Поставьте штангу на нижние упоры
рамы для приседаний и снарядите ее блинами. Возьмитесь за гриф хватом
сверху на ширине плеч и выпрямитесь.
Исходное положение:
руки полностью выпрямлены, гриф касается бедер. Мышцы поясницы напряжены
и прочно держат естественный, S-образный изгиб позвоночника — спина
прогнута в пояснице, грудь и плечи расправлены, а голова смотрит вперед.
Сделайте
глубокий вдох и задержите дыхание. Сгибая ноги в коленях и
одно¬временно отводя таз назад, плавно наклоните торс и опустите штангу.
Опускаясь вниз, обязательно держите легкий прогиб в пояснице.
Нижняя
точка упражнения определяется тем, насколько низко вы можете наклонить
торс (опуститься), удерживая при этом естественный изгиб позвоночника.
Обычно в нижней точке торс наклонен на 45–50 градусов к вертикали.
Достигнув
нижней точки, напрягите мышцы задней части бедра и потяните штангу
вверх, поднимаясь из приседа. Вначале вы разгибаете ноги в коленях,
затем, когда они почти выпрямлены, движение подхватывают ягодицы и торс.

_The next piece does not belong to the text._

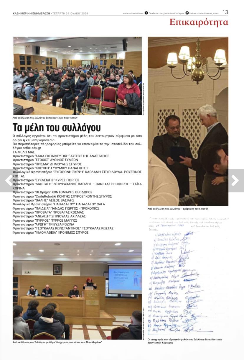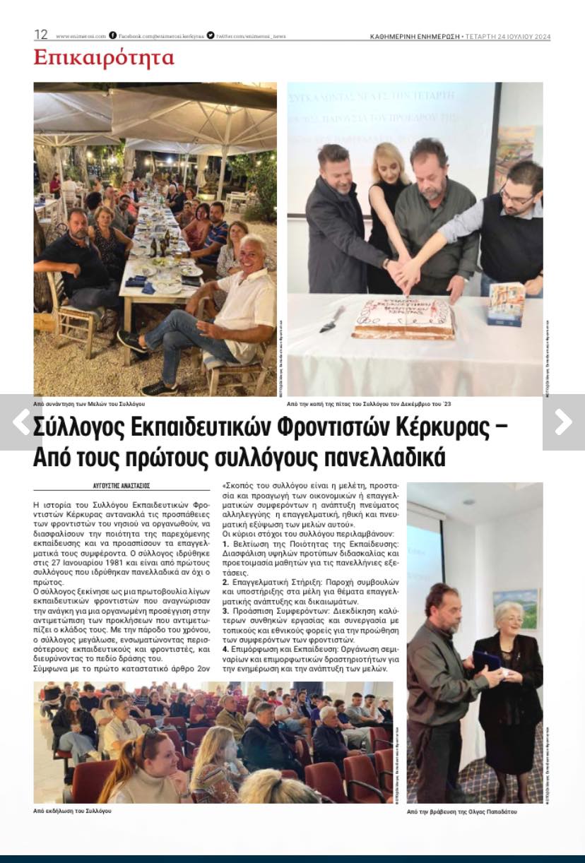 Αφιέρωμα της εφημερίδας «Ενημέρωση» στο σύλλογό μας!
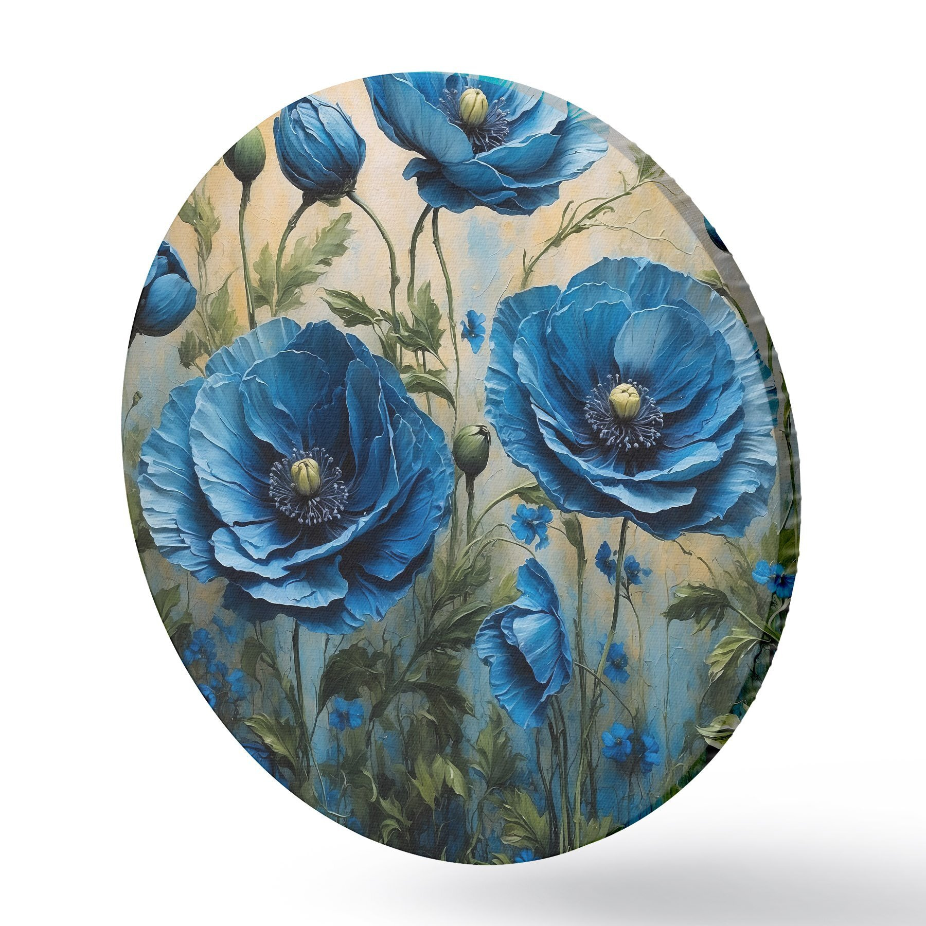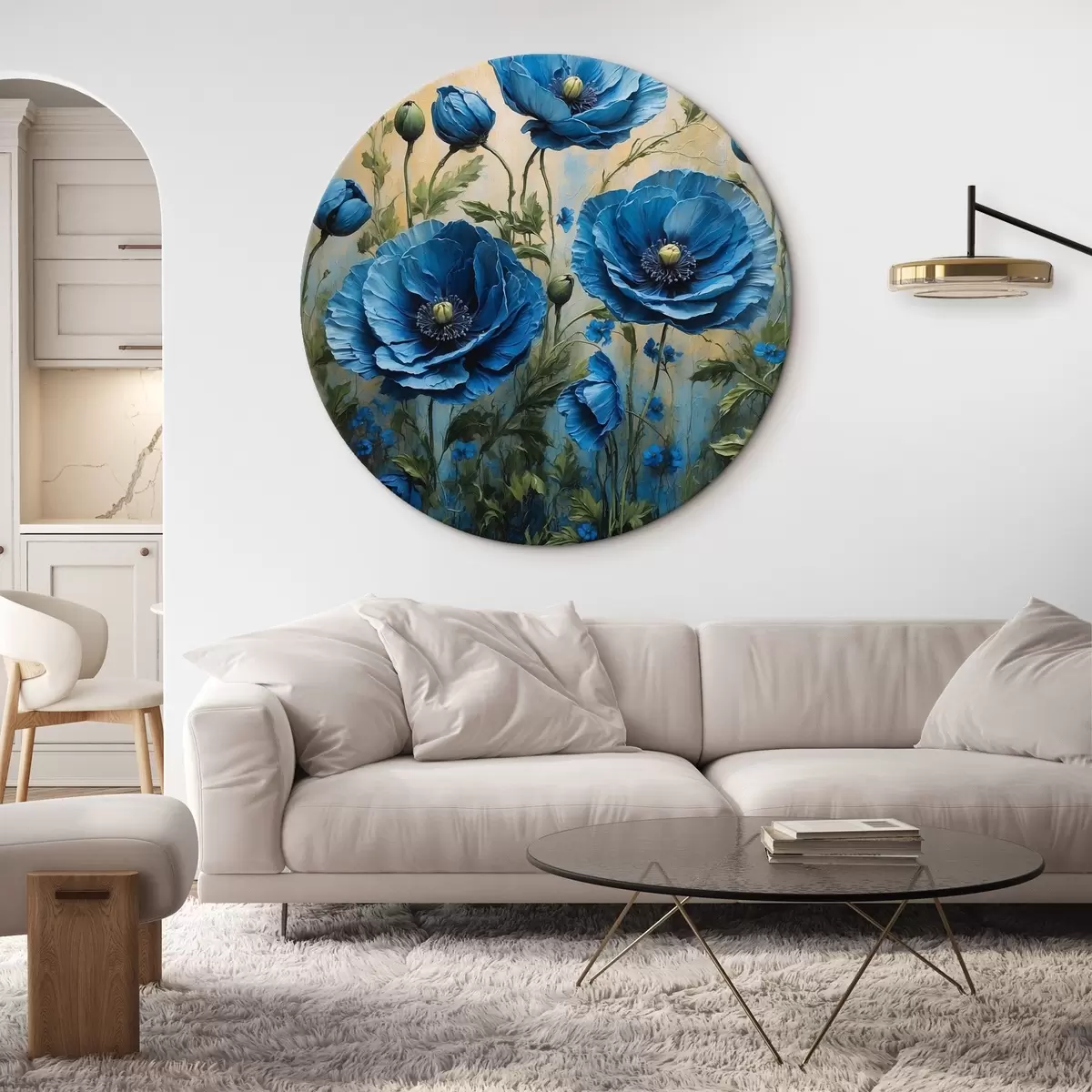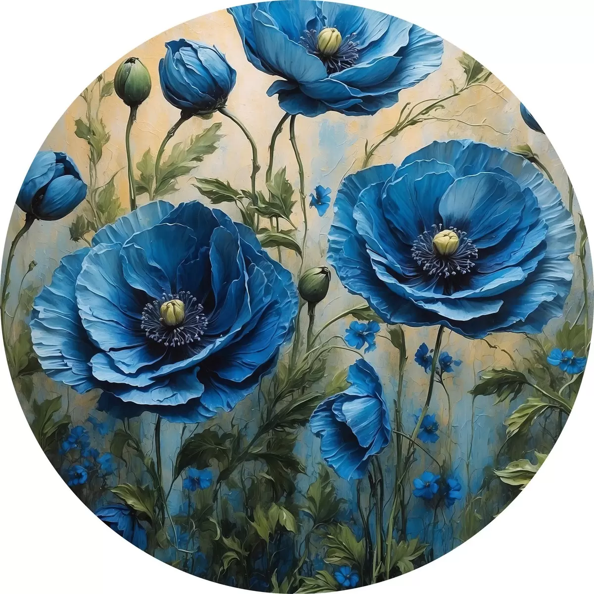 Quadri rotondi Papaveri blu su sfondo pastello con foglie r44882

Ягодицы и бедра направляются вперед, а торс поднимается из наклона.
Сделайте
выдох, как только преодолеете самый трудный участок подъема. Полностью
выпрямившись, сделайте паузу и еще сильнее напрягите мышцы спины и ног.
Советы
Выполняя упражнение, ни в коем
случае не скругляйте спину и всегда держите мышцы поясницы напряженными,
фиксируя S-образный изгиб позвоночника. Расслабить поясницу можно лишь
тогда, когда вы завершили сет и положили штангу на упоры. Скругление
спины при выполнении тяги с тяжелым весом неизбежно приведет к травме
спины.
Задержка дыхания на время движения (когда вы
опускаетесь И поднимаетесь) облегчает удержание спины в правильном
положении и позволяет развить более мощное усилие.
Чтобы
добиться максимального сокращения большой ягодичной мышцы и бицепса
бедра, в верхней точке упражнения полностью выпрямите ноги и сделайте
паузу.
Тяга штанги (разгибание в тазобедренном суставе)
должно происходить за счет усилия мышц бедра, а не рук. Плечи, спина и
шея движутся как единое целое. Руки полностью выпрямлены на протяжении
всего упражнения. Представьте, что они лишь веревки, на которых висит
штанга.
Хорошая подвижность тазобедренного сустава и сильные
мышцы поясницы — главные условия, при которых становая тяга является
эффективным и безопасным упражнением. Если у вас слабая поясница или
плохо развита подвижность тазобедренного сустава, то прежде чем включать
становую тягу в программу, укрепите эти слабые места, регулярно
выполняя наклоны со штангой на плечах.
Мышцы спины при
выполнении становой тяги всегда находятся в состоянии изометрического
сокращения (напряжены, но не изменяют своей длины) и играют роль
стабилизаторов, фиксируя позвоночник в правильном положении. Основную
работу по удержанию S-образного изгиба позвоночника выполняет
мышца-разгибатель позвоночника (мышца, выпрямляющая туловище).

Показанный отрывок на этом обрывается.